Primary Care Companion
Login  

This entire article is available in Full Text to registered users.

 

The article you requested is

Clinical Implications of Genetic Variation in the Serotonin Transporter Promoter Region: A Review.

Prim Care Companion J Clin Psychiatry 2009;11(3):93-102
10.4088/PCC.08r00656

Objective: To determine the state of the art in understanding the role of genetic variation in the serotonin transporter (5-HTT) promoter region (5-HTTLPR) in the development of a depressive episode and in its response to treatment.

Data Sources: PubMed and Ovid were used to search for articles published prior to December 2007 utilizing the key words serotonin transporter, 5-HTT, 5-HTTLPR, serotonin transporter gene, and SLC6A4.

Study Selection: All studies were reviewed, but case reports and small case series were excluded.

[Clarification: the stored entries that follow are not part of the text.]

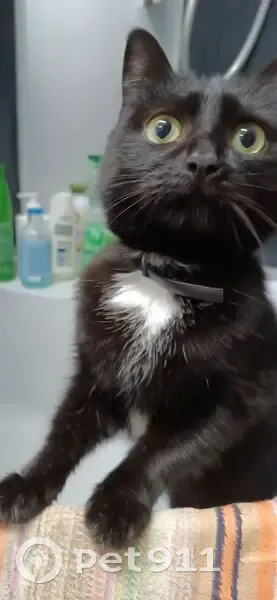 небольшого размера, чёрная , с белой грудкой и животом, возможно хромает. Могла испугаться собак на улице и убежать, спрятаться где нибудь, возможно забежала к кому то в дом или на участок
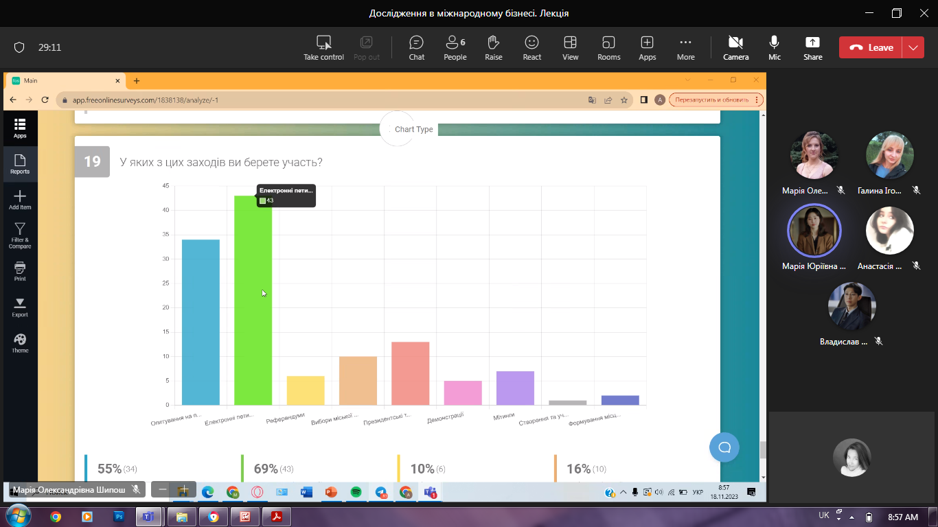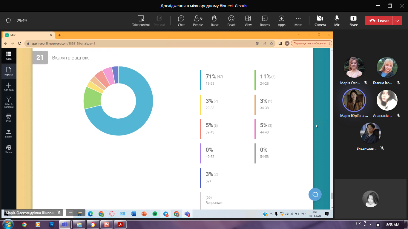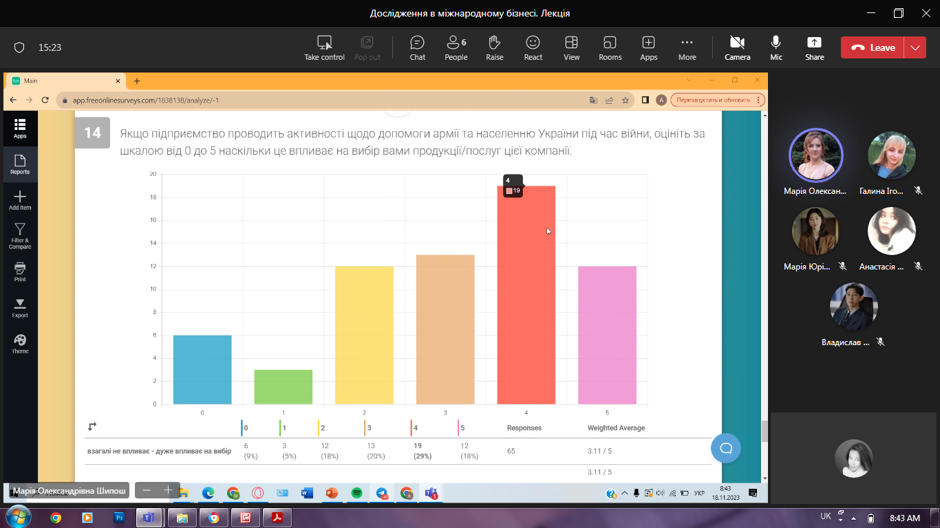 В рамках курсу «Дослідження в міжнародному бізнесі» (лектор Аліна Зубкова, к.е.н, доцент кафедри менеджменту) студенти третього курсу самостійно провели емпіричне дослідження та розробили опитування за допомогою online сервісу. Саме так студенти Марія Калашник, Владислав Пальчиков, Анастасія Меркотун, Галина Суханова та Марія Шипош описали, що робили під час проєкту:
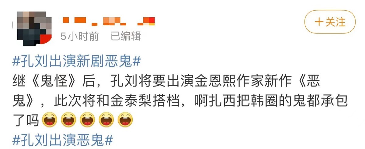 12月29日,韩国媒体发布了孔刘将与金泰梨合作出演新剧《恶鬼》的消息,目前正在商议中,两人的合作阵容引发众多网友期待!
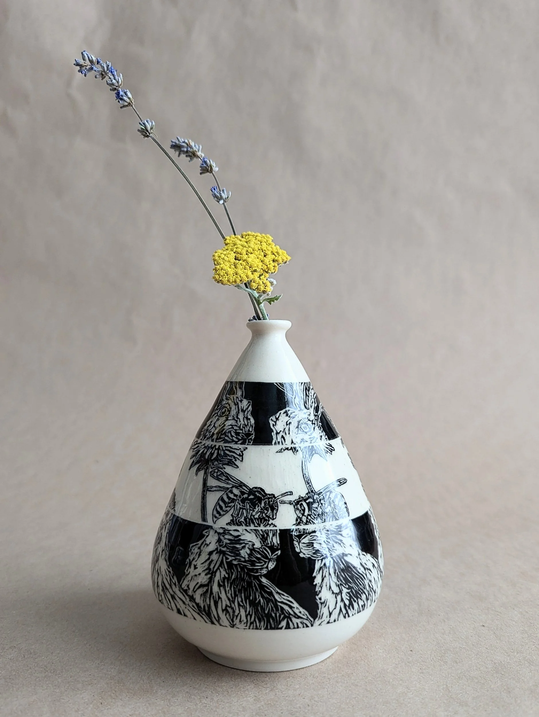 My work is an exploration of how details shape the stories we tell. I am interested in how our perspective creates the basis for what we understand to be true and how that can change. Whose voice is telling the story? What values are communicated by how we tell the story? What details are excluded to shape the truth we want? I approach these questions through carved illustrations on functional ceramics. I think about characters in the margins or details that may be overlooked such as critters underneath leaves or crawling in the undergrowth. My illustrations include rabbits, wasps, snails, and rats - all common creatures that we imbue with meaning based on our perspective, our values, and what we want from the world around us. Some illustrations have a sparse background, putting the focus on what I have included. Others have layers or forms where there are places for things to be hiding and details that can change how we understand the story being told.
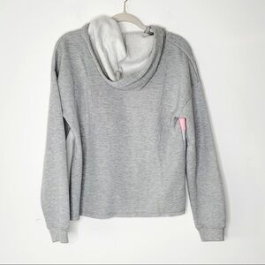 Hippie Rose grey sweater with hoodie and draw string. Pink and white color block front design. raw hem. Warm and NWT. Size M
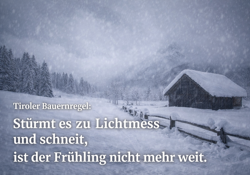 Maria Lichtmess galt zudem als Lostag. Zahlreiche Bauernregeln versuchten, aus dem Wetter am 2. Februar Rückschlüsse auf den weiteren Verlauf des Winters zu ziehen – ein Brauch, der im gesamten Alpenraum weit verbreitet war.
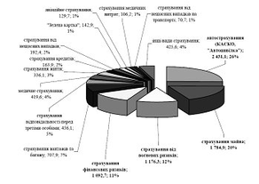 У структурі валових страхових виплат медичне страхування займає більш вагому частину (13%), що зображено на рис.5.
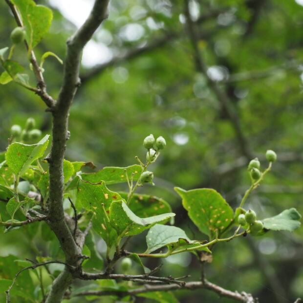 高さ2~4mほどになります。 細い枝を多く出し、 樹形は乱れやすいです。 白い花や葉の雰囲気が似ているカマツカやアオハダで見られるような短い枝はありません。
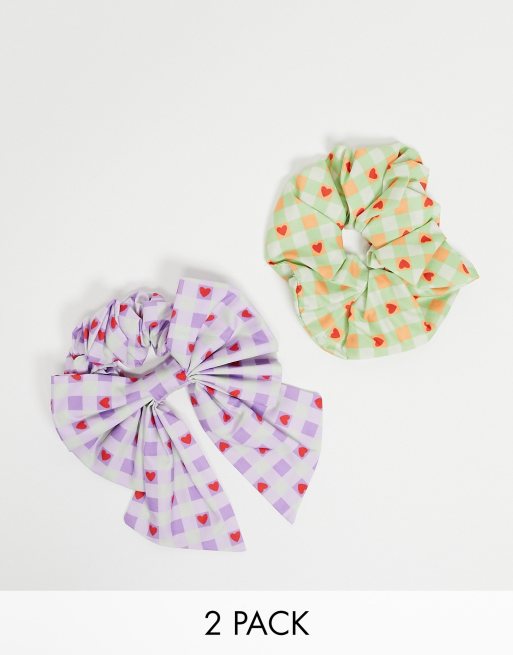 Asos Design 2er Set Elastisches Haarband Mit Schleife Mit Karo Herzmuster Asos
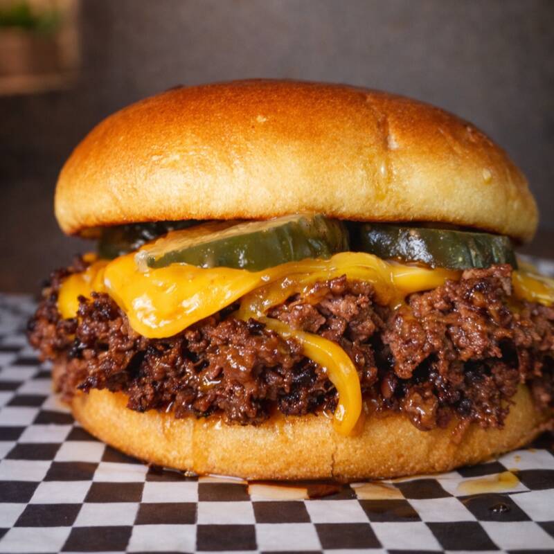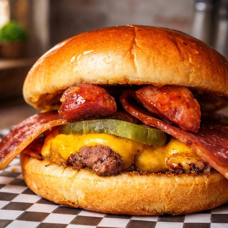 Carne Smash jugosa , queso cheddar, pepinillos, chorizo artesanal , salsas de la casa y una porcion de papas
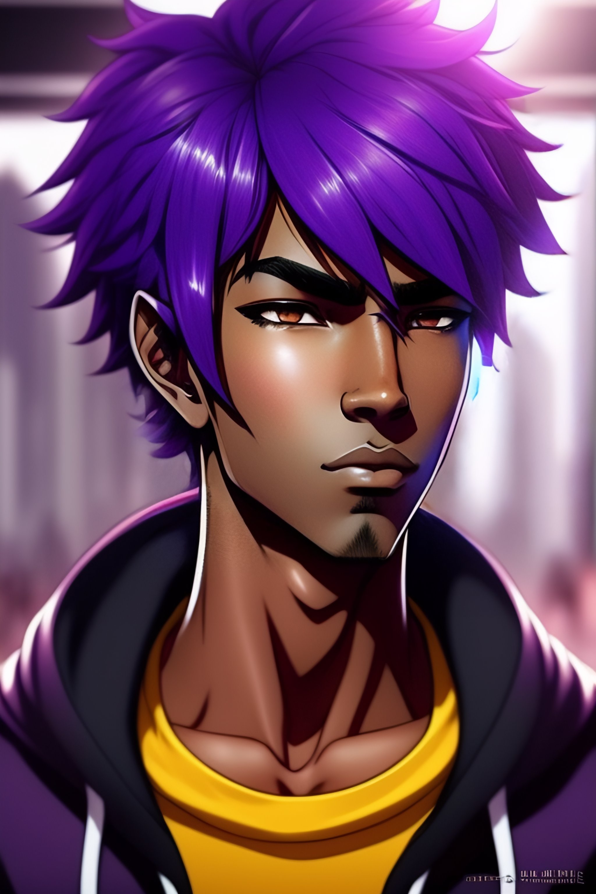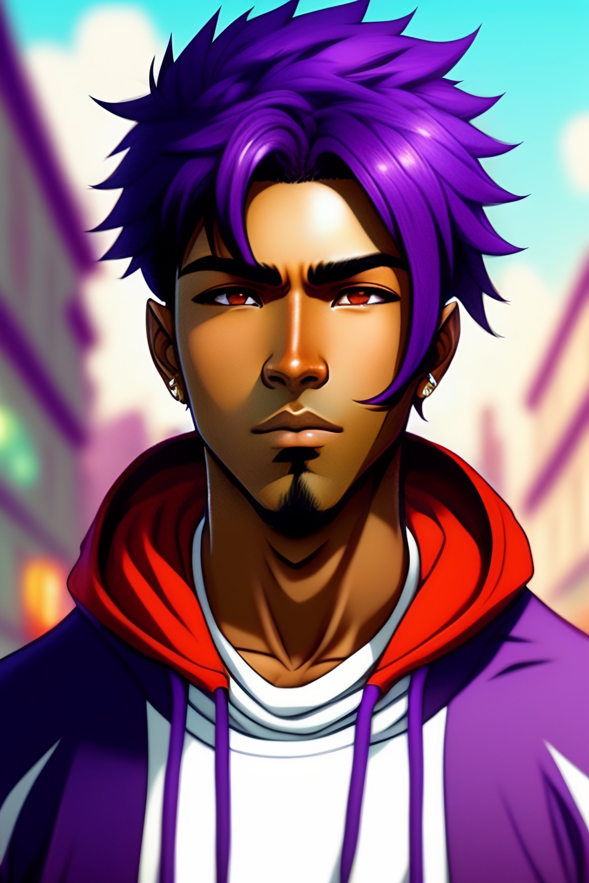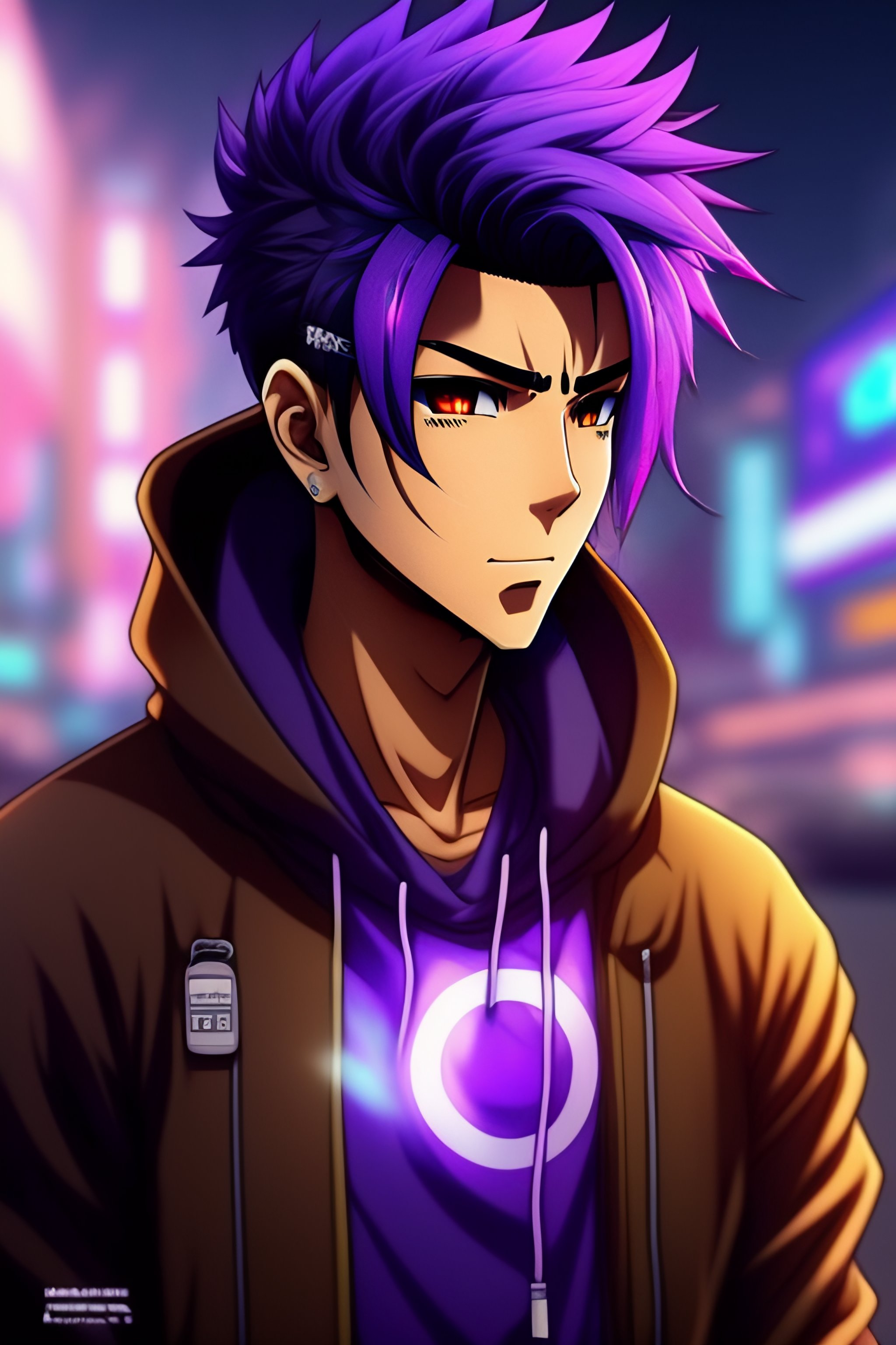 Purple hair anime brown guy, indian, dark skin, brown face, hoodie, light brown skin, hacker, no expression, no emotion, anime style, manga, cartoon, anime

Data Extraction: All relevant articles were read by at least 2 of the coauthors and notes regarding study design, measures, data analysis, and findings were later used to construct the review.

Data Synthesis: A common genetic variant, the short allele, in which 44 base pairs are missing from the promoter of SLC6A4, is associated with a greater risk for developing a major depressive disorder in patients following exposure to adversity. This association appears to be most important in the early stages of the depressive disorder. Additionally, the likelihood of a positive response to antidepressant treatment may be reduced in these patients in terms of delayed response, greater adverse event load, or, in bipolar patients, mania induction and rapid cycling.

Conclusions: Selected genetic testing of patients with a recent history of significant adversity may be a reasonable tool that can enlighten treatment options and the course of illness. Ongoing work with the short allele of 5-HTT may also inform clinical guidelines of long-term treatment with antidepressants.